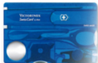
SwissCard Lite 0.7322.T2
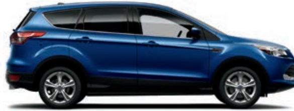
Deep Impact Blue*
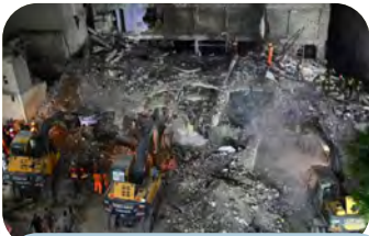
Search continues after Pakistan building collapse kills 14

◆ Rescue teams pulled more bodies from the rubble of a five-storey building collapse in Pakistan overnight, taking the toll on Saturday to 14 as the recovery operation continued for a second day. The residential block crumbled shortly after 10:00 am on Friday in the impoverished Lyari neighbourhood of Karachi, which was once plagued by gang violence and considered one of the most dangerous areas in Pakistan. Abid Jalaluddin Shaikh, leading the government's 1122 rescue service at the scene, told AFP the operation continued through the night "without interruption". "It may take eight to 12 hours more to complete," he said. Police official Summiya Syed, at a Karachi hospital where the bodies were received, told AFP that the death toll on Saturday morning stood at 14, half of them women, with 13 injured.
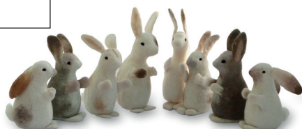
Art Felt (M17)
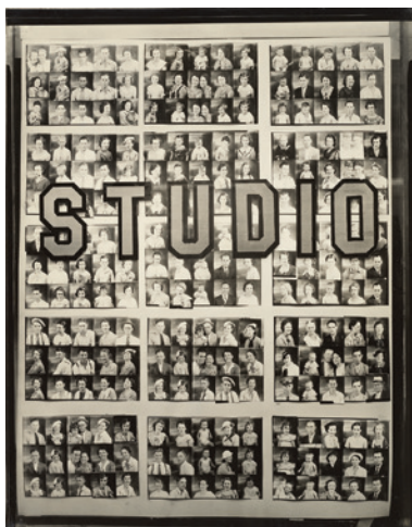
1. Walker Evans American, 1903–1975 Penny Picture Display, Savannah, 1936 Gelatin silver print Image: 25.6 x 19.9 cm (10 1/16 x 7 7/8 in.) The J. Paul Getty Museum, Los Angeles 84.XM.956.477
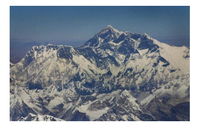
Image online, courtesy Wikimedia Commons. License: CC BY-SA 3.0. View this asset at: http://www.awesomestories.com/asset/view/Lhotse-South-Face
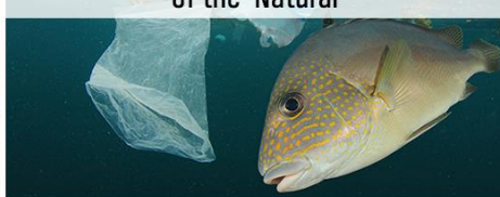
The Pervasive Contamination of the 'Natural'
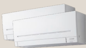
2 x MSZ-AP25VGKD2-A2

· · · ·

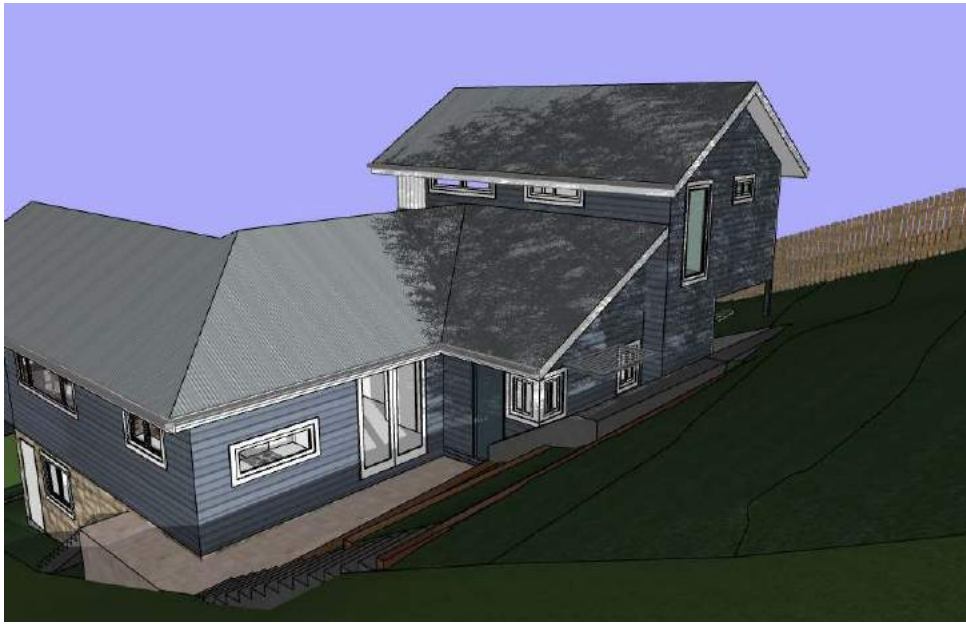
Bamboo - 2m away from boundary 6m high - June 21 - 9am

· · · ·

Exercise aim
Write out exactly the run of lines above that starts at the line containing "Art Felt (M17)" and ends at the line containing "2 x MSZ-AP25VGKD2-A2". Include both, and leave the pictures out.

Answer for this exercise
Art Felt (M17)
1. Walker Evans American, 1903–1975 Penny Picture Display, Savannah, 1936 Gelatin silver print Image: 25.6 x 19.9 cm (10 1/16 x 7 7/8 in.) The J. Paul Getty Museum, Los Angeles 84.XM.956.477
Image online, courtesy Wikimedia Commons. License: CC BY-SA 3.0. View this asset at: http://www.awesomestories.com/asset/view/Lhotse-South-Face
The Pervasive Contamination of the 'Natural'
2 x MSZ-AP25VGKD2-A2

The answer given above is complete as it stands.